Tabea Zimmermann über ihre Kindheit mit der Bratsche, Mittelstimmentypen und das richtige Sternzeichen für ihr Instrument

vonJakob Buhre,

Tabea Zimmermann, 1966 im badischen Lahr geboren, studierte in Freiburg/Breisgau und bei Sandor Végh in Salzburg. Mit 21 Jahren übernahm sie eine Professur in Saarbrücken, seit 2002 unterrichtet sie in Berlin an der Hochschule für Musik Hanns Eisler. Sie hat zahlreiche ihr gewidmete Werke uraufgeführt, u.a. von Wolfgang Rihm und György Ligeti. Mit ihren drei Kindern und ihrem Mann, dem Dirigenten Steven Sloane, lebt Tabea Zimmermann im Ruhrgebiet.

Frau Zimmermann, Sie haben schon mit drei Jahren angefangen, Bratsche zu spielen. Wie kam das?

Das war bei uns in der Familie begründet, ich war das vierte Kind, und meine Geschwister spielten bereits Klavier, Geige und Cello. Jeder hatte sein Revier, und ich wollte da meinen Geschwistern nicht in die Quere kommen, nicht die gleichen Stücke spielen. Wobei sich eine kleine Bratsche nicht wirklich von einer kleinen Geige unterscheidet. Mein Lehrer hat mich wie einen Geiger behandelt, ich habe alles gelernt, was die Geiger auch gelernt haben. Trotzdem hatte ich die Illusion, dass ich etwas ganz Anderes mache, um mich von meiner Schwester abzugrenzen.
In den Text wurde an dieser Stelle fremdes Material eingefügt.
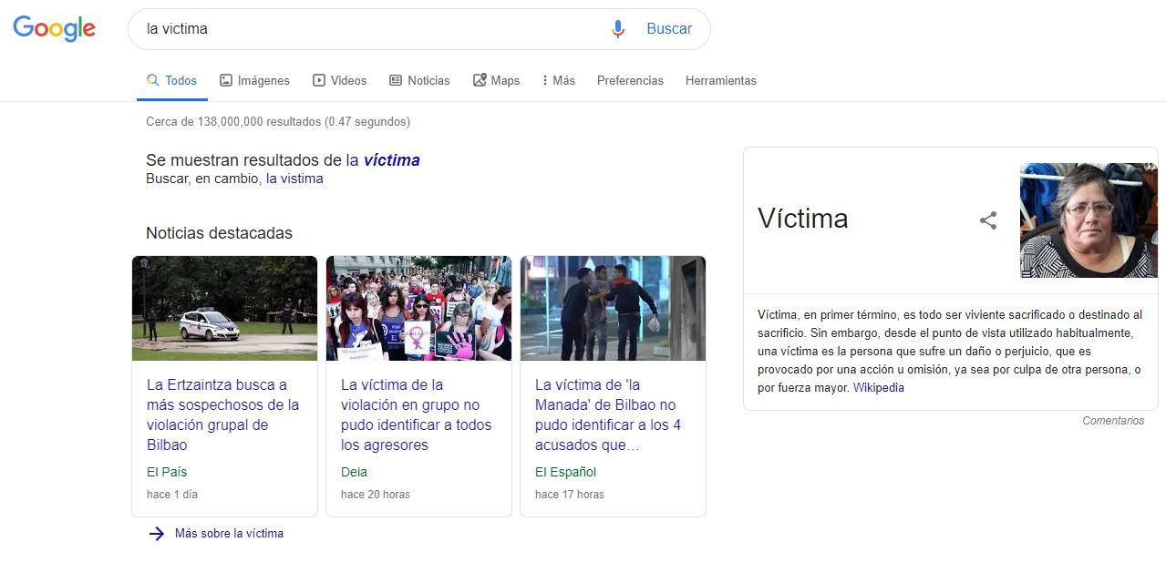 Para eso, hoy el buscador incluye diferentes funciones, destacando los “paneles de conocimiento”, que son los recuadros a la derecha con los datos fundamentales de alguna persona o entidad, en este caso, la definición de "víctima" proporcionada por Wikipedia.

Können Sie sich noch an die Zeit erinnern, als Sie anfingen?

Ich könnte jetzt nicht sagen, was wirklich Erinnerung ist und was ich durch Erzählungen und Fotos von damals weiß. Vom dritten bis zum 13. Lebensjahr war ich bei meinem ersten Lehrer, das war eine sehr prägende Zeit: Ich hatte dreimal pro Woche Unterricht, wir haben Kammermusik gemacht, im Orchester zusammengespielt, ich hatte ein Streichquartett und ein Trio mit meinen Schwestern.

Ab dem wievielten Lebensjahr war Ihre Musikerlaufbahn denn unausweichlich?
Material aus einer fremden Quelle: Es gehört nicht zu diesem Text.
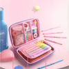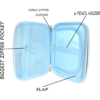 Light weight and durable provides great protection against dust, Scratches and Bumps with Strong zippers, Easy to open and close Appearance and design zipper securely keeps the case closed and prevents very small items from falling out. Easy to maintain Both inside and outside are easy to wipe clean pouches for school kids. This Case can be use to Carry and organize your Stationary product, Cosmetics, miscellaneous parts, tools and accessories Size 23 X 16 X 6 CM.

Das kann ich nicht genau sagen. Vielleicht mit 13 oder 14.

Hätte die Erfolgsgeschichte auch später losgehen können?

Es hätte alles anders sein können, da muss man nur einen von den vielen Faktoren verändern. Ich hatte das Glück, in einer gro-ßen Familie aufzuwachsen, dazu kam die fantastische Musikschule in der Kleinstadt Lahr mit meinem außergewöhnlich engagierten und pädagogisch begabten Lehrer. Dann war es sicher auch meine relativ stabile Natur, die Fähigkeit, mit Wettbewerben umgehen zu können. Das ist ja etwas, was ein Kind sich nicht von sich aus wünscht, kein Kind sagt „Ich möchte zu ‚Jugend musiziert’ gehen“, sondern das wird von den Eltern oder vom Lehrer an den Schüler herangetragen. Doch mich hat als Kind so eine Wettbewerbssituation überhaupt nicht belastet.

Dass Eltern für Ihre Kinder den Weg so vorzeichnen, ist heute ja eher verpönt. Wie stehen Sie als Mutter dreier Kinder dazu?
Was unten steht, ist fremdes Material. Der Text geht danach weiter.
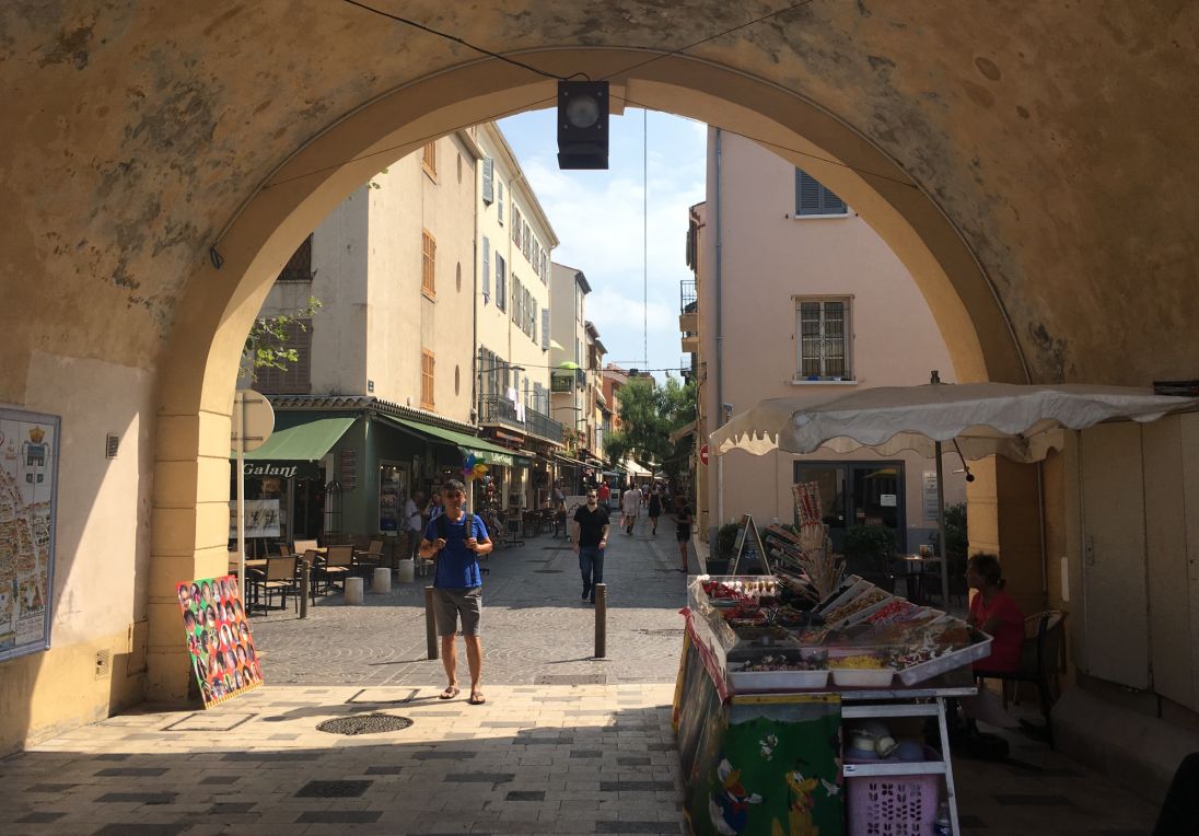 Arch way leading to the port through old city walls. We are on Rue Thuret looking toward the port.

Ich sehe das auch sehr zwiespältig. Auf mich selbst bezogen muss ich sagen, dass ich meinen Eltern dankbar bin für das, was sie mir mitgegeben haben. Aber ich kann das meinen Kindern heute so nicht anbieten, denn da war auch eine ganze Menge Druck dabei, da hieß es dann: „Wenn du das Instrument jetzt spielen willst, dann wird auch geübt und zwar heftig viel.“ Da sind viele Bereiche einer normalen Kindheit einfach zu kurz gekommen. Insofern würde ich das heute meinen Kindern niemals antun. Andererseits muss ich sagen: Bei mir hat es sich ausgezahlt. Ich bin heute glücklich mit dem, was ich bekommen habe – es ist ja auch gut gegangen.

Aber das Motto, dass ein Kind zu seinem Glück gezwungen werden muss…

Das lehne ich ab. Wenngleich ich natürlich die Schwierigkeit sehe, auf Musik bezogen: Wenn man nicht früh anfängt und wenn man nicht eine gewisse Disziplin beim Arbeiten hat, dann hat man es wahrscheinlich schwerer.

Sie haben in einem Interview gesagt: „Ich bin ein Mittelstimmentyp.“ Muss man ein Typ für ein bestimmtes Instrument sein, um es erfolgreich zu spielen?

Ich finde diese Frage sehr interessant, kann sie aber nicht richtig beantworten. Weil ich eben schon so früh angefangen habe, dass ich gar nicht weiß, wer ich wäre ohne die Bratsche.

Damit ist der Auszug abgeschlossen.